##### DATASET CONTENT #####

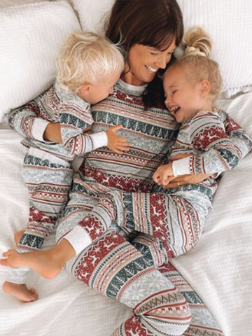 Family Matching Set Crew Neck Christmas Pajamas With Christmas Element Prints
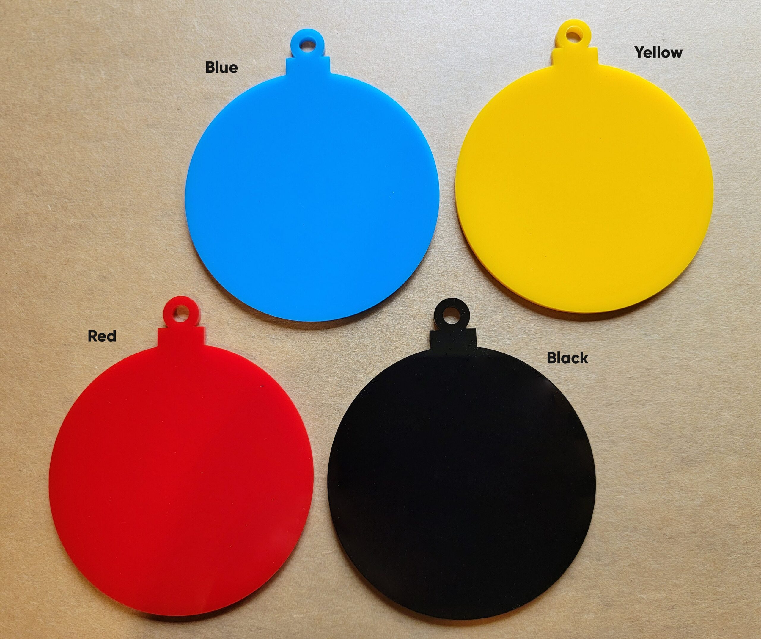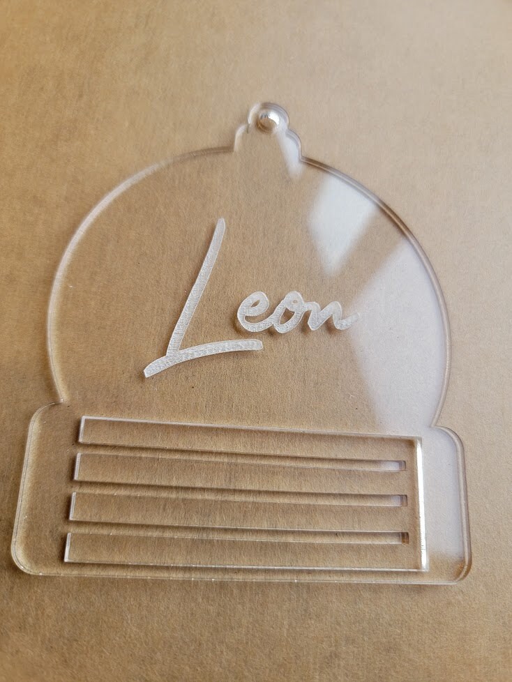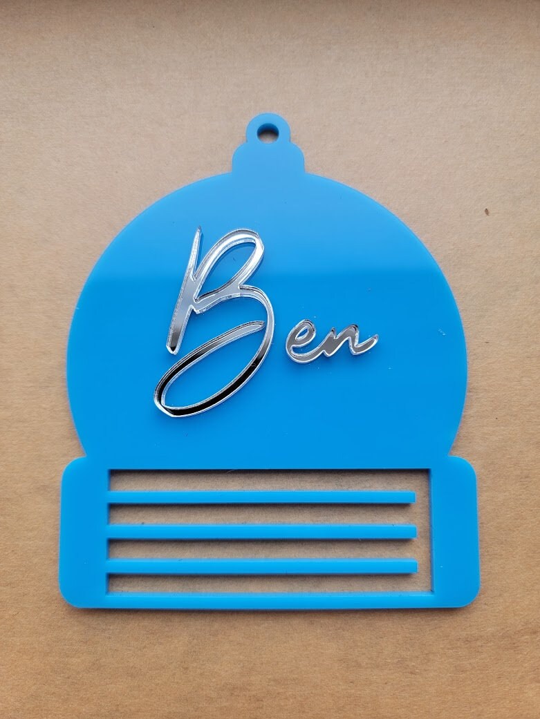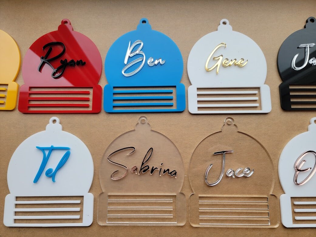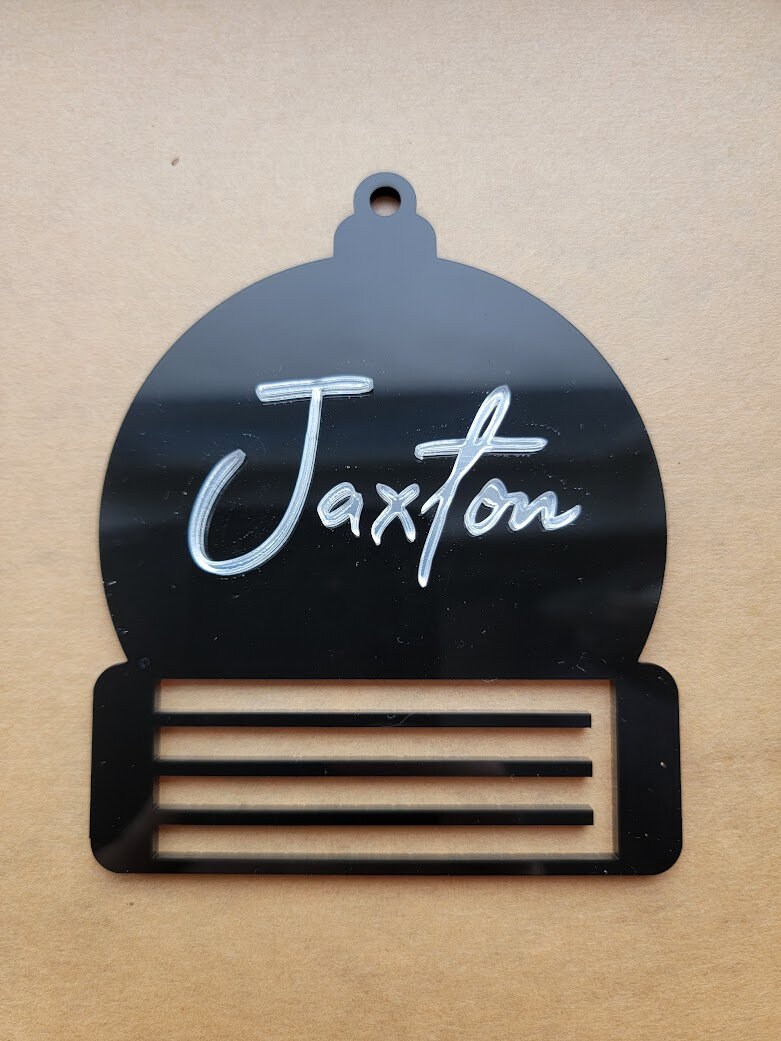 Beautifully laser cut/engraved acrylic Christmas ornament with a choice of colors for both the ornament and the name.
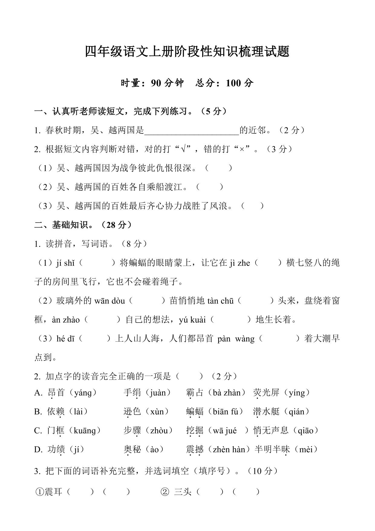 湖南省株洲市茶陵县部分校联考2022-2023学年上学期11月期中试题四年级语文(人教版)

#####

_ABOUT THIS TASK_
The data should be printed again unchanged; leave its pictures out.

_ANSWER SPACE_
 Family Matching Set Crew Neck Christmas Pajamas With Christmas Element Prints
 Beautifully laser cut/engraved acrylic Christmas ornament with a choice of colors for both the ornament and the name.
 湖南省株洲市茶陵县部分校联考2022-2023学年上学期11月期中试题四年级语文(人教版)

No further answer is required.